> **TASK MATERIAL**
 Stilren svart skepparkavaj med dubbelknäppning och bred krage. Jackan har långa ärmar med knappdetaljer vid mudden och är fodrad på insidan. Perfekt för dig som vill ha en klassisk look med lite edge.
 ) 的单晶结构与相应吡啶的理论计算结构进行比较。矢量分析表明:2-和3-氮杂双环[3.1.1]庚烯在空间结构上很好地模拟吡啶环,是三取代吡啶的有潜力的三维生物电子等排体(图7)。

--

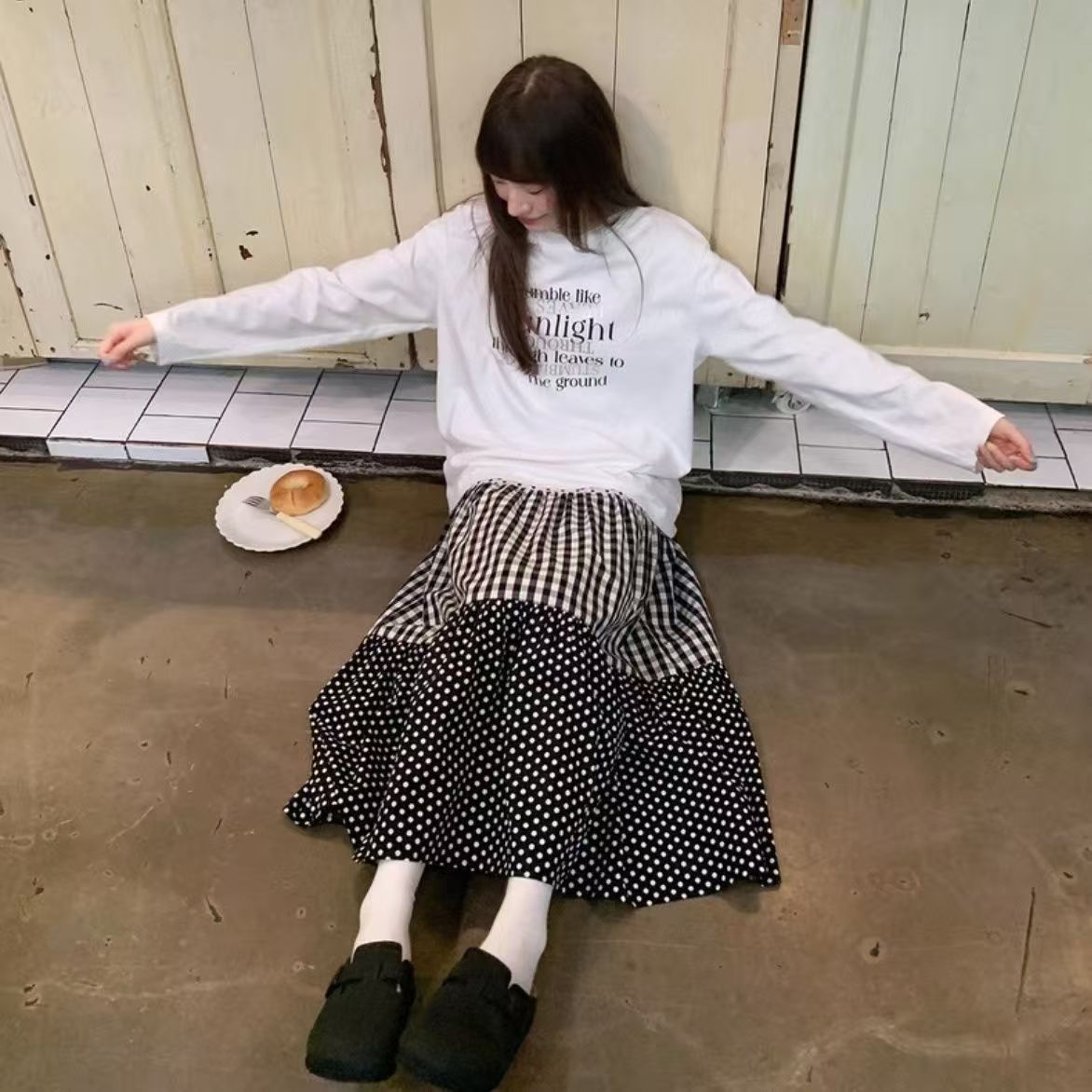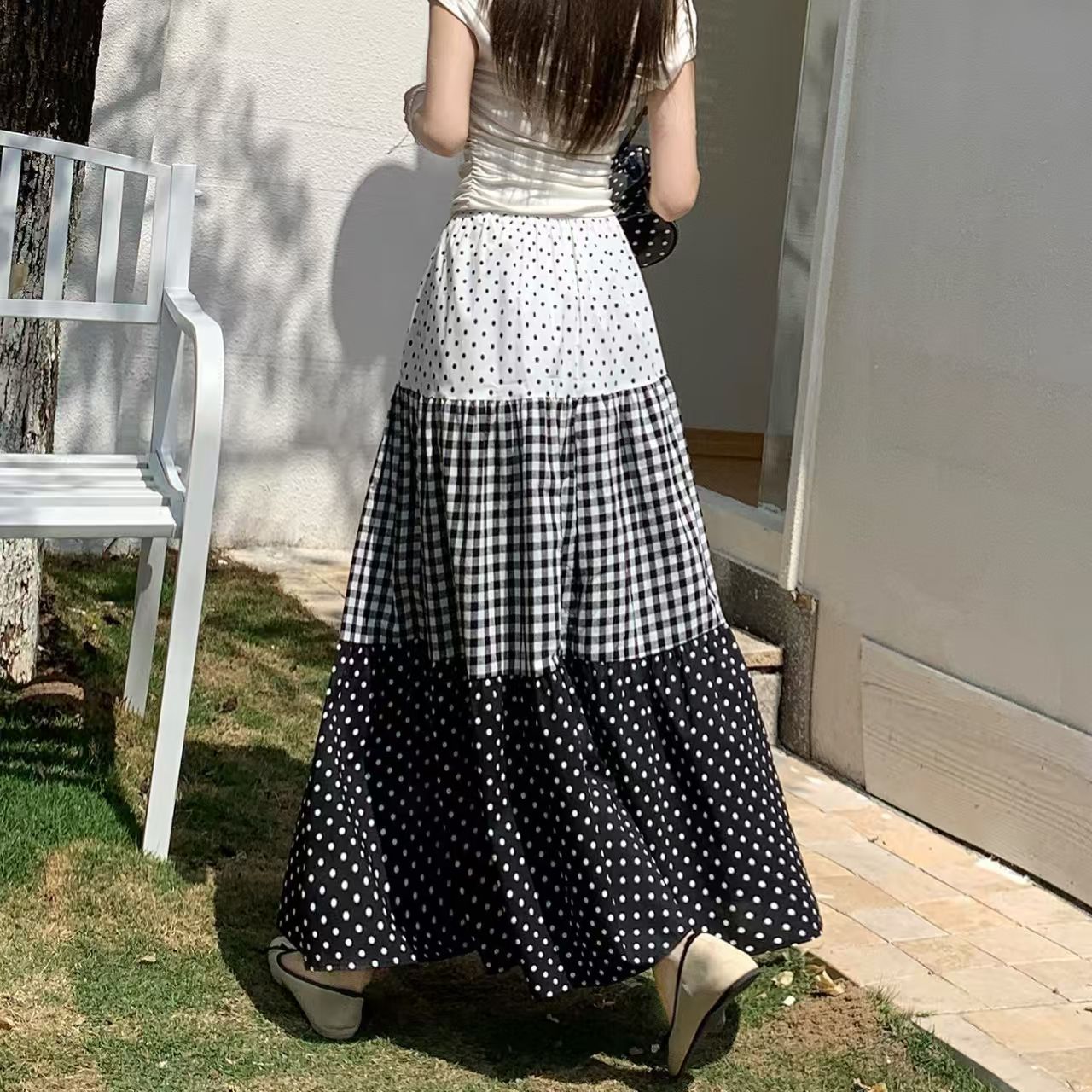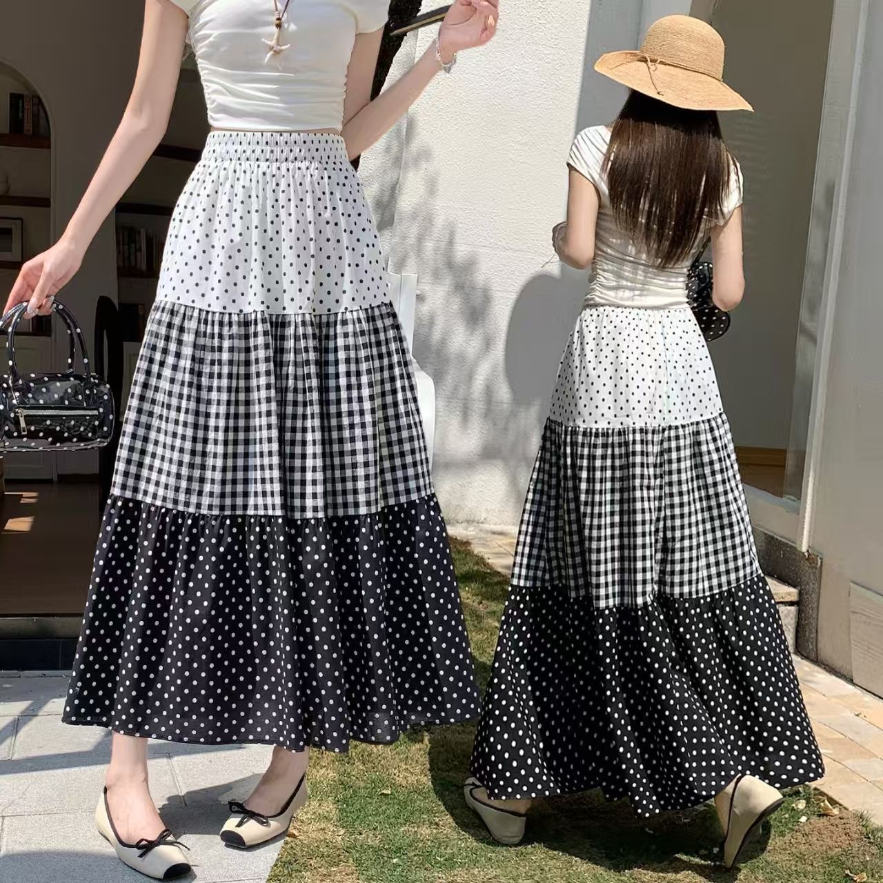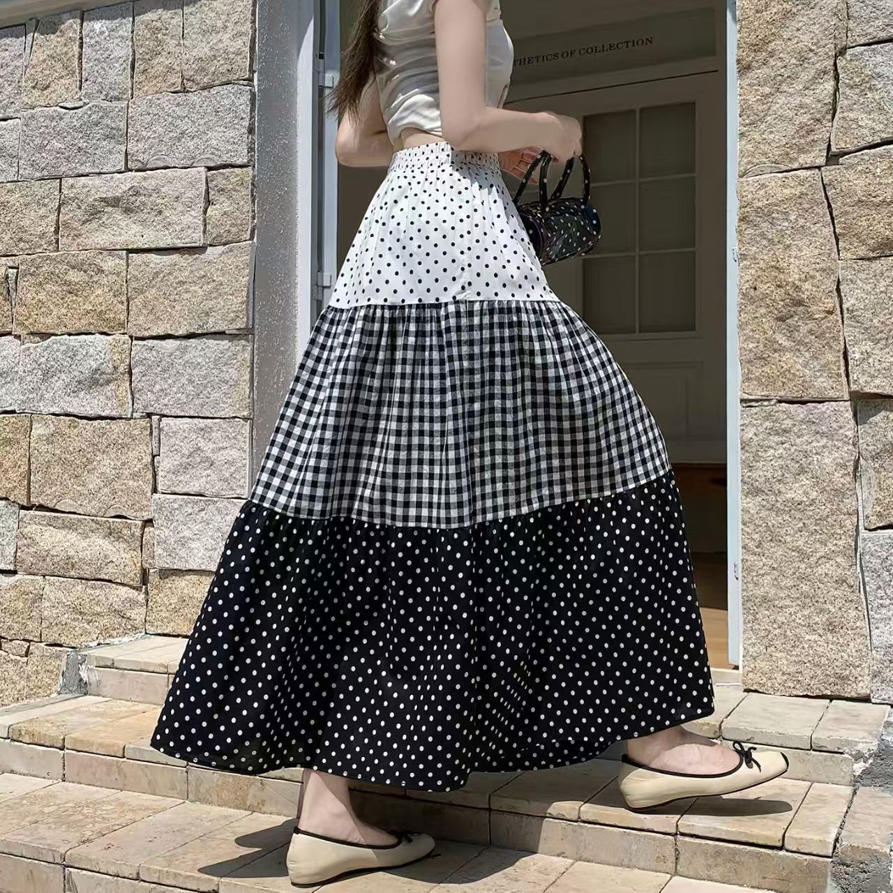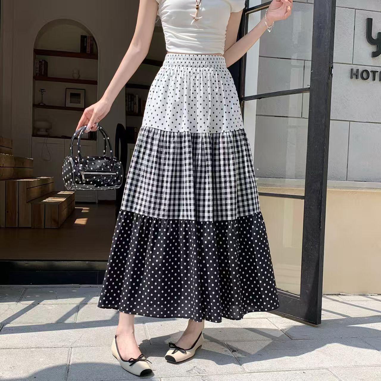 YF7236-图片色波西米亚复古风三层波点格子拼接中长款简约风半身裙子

* * *

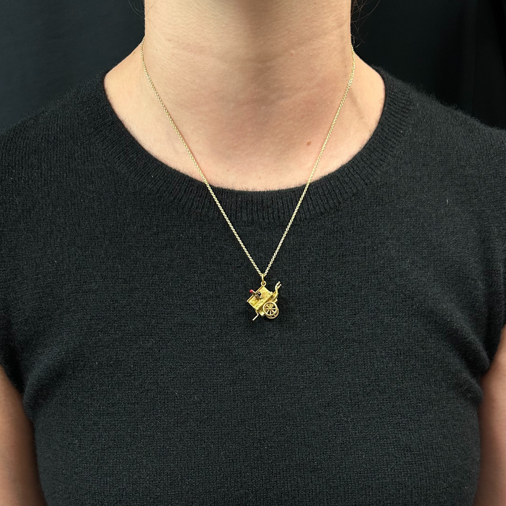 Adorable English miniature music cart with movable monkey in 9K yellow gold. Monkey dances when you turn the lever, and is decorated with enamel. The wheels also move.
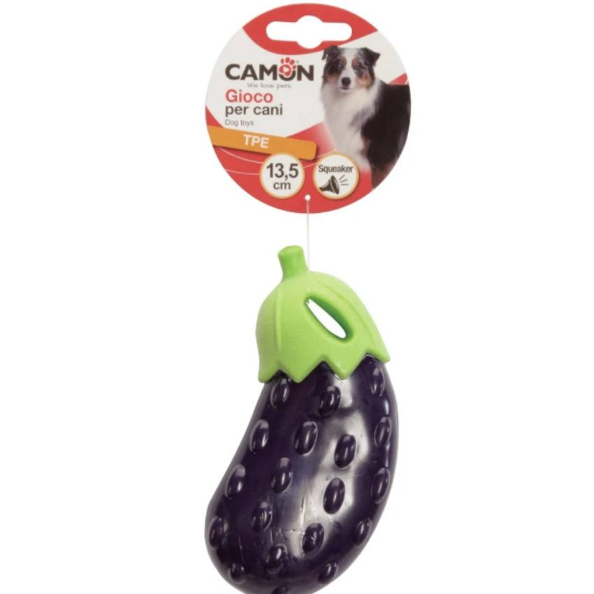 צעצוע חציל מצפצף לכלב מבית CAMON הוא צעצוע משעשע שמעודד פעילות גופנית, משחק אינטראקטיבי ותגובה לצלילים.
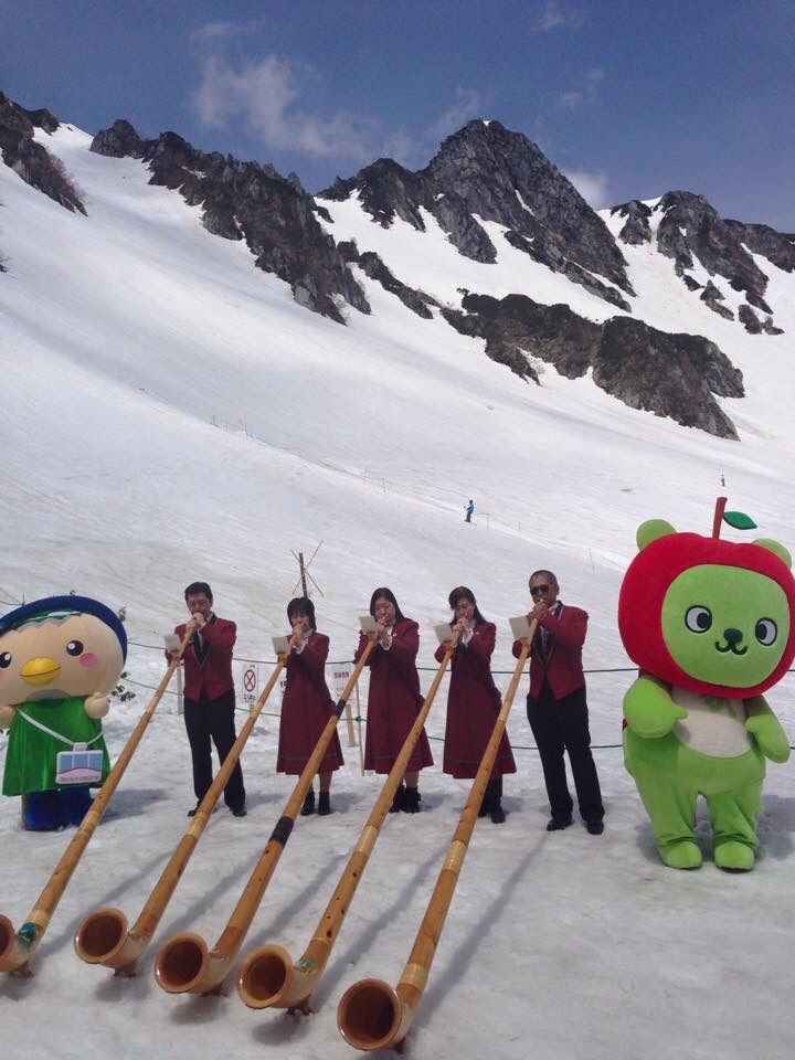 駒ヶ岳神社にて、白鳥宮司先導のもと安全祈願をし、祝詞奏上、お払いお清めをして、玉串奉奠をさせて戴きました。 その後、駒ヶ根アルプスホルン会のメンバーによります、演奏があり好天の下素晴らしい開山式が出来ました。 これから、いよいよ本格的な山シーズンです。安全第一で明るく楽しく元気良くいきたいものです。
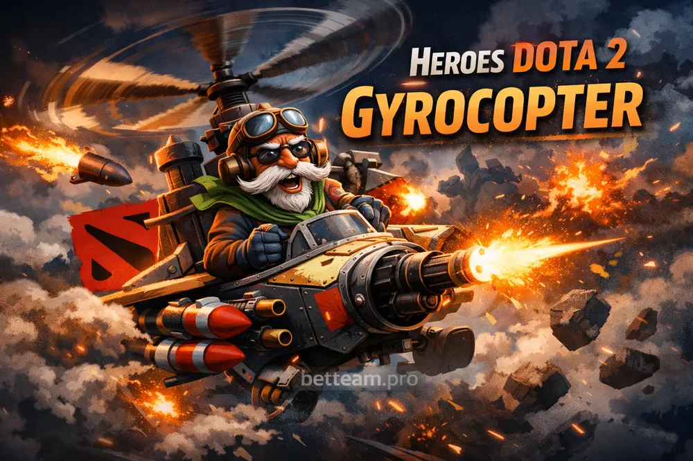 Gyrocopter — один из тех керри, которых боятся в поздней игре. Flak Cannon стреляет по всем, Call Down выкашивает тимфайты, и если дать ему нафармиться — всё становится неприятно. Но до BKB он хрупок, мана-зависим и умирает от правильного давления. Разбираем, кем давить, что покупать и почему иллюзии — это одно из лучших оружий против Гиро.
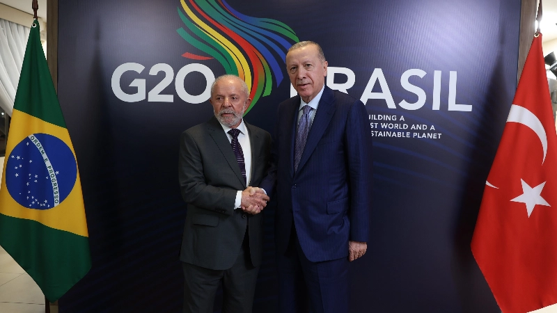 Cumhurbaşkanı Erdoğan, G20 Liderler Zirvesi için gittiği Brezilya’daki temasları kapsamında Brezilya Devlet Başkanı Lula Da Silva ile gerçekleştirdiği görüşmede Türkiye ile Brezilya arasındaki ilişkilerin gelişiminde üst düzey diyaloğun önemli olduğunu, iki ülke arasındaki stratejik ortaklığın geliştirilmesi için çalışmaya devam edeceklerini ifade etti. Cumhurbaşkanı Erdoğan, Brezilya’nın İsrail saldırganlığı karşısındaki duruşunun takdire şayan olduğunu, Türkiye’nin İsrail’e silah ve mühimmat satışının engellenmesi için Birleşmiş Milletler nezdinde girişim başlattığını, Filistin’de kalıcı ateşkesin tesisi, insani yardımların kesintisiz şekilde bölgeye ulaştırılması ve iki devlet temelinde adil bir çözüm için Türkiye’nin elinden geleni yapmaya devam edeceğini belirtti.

> **TASK REQUIREMENTS**
Only one part of the listing is wanted: the lines from the one containing "צעצוע חציל מצפצף" through the one containing "Gyrocopter — один", both included. Please transcribe it exactly, leaving out the pictures.

> **WRITTEN RESPONSE**
 צעצוע חציל מצפצף לכלב מבית CAMON הוא צעצוע משעשע שמעודד פעילות גופנית, משחק אינטראקטיבי ותגובה לצלילים.
 駒ヶ岳神社にて、白鳥宮司先導のもと安全祈願をし、祝詞奏上、お払いお清めをして、玉串奉奠をさせて戴きました。 その後、駒ヶ根アルプスホルン会のメンバーによります、演奏があり好天の下素晴らしい開山式が出来ました。 これから、いよいよ本格的な山シーズンです。安全第一で明るく楽しく元気良くいきたいものです。
 Gyrocopter — один из тех керри, которых боятся в поздней игре. Flak Cannon стреляет по всем, Call Down выкашивает тимфайты, и если дать ему нафармиться — всё становится неприятно. Но до BKB он хрупок, мана-зависим и умирает от правильного давления. Разбираем, кем давить, что покупать и почему иллюзии — это одно из лучших оружий против Гиро.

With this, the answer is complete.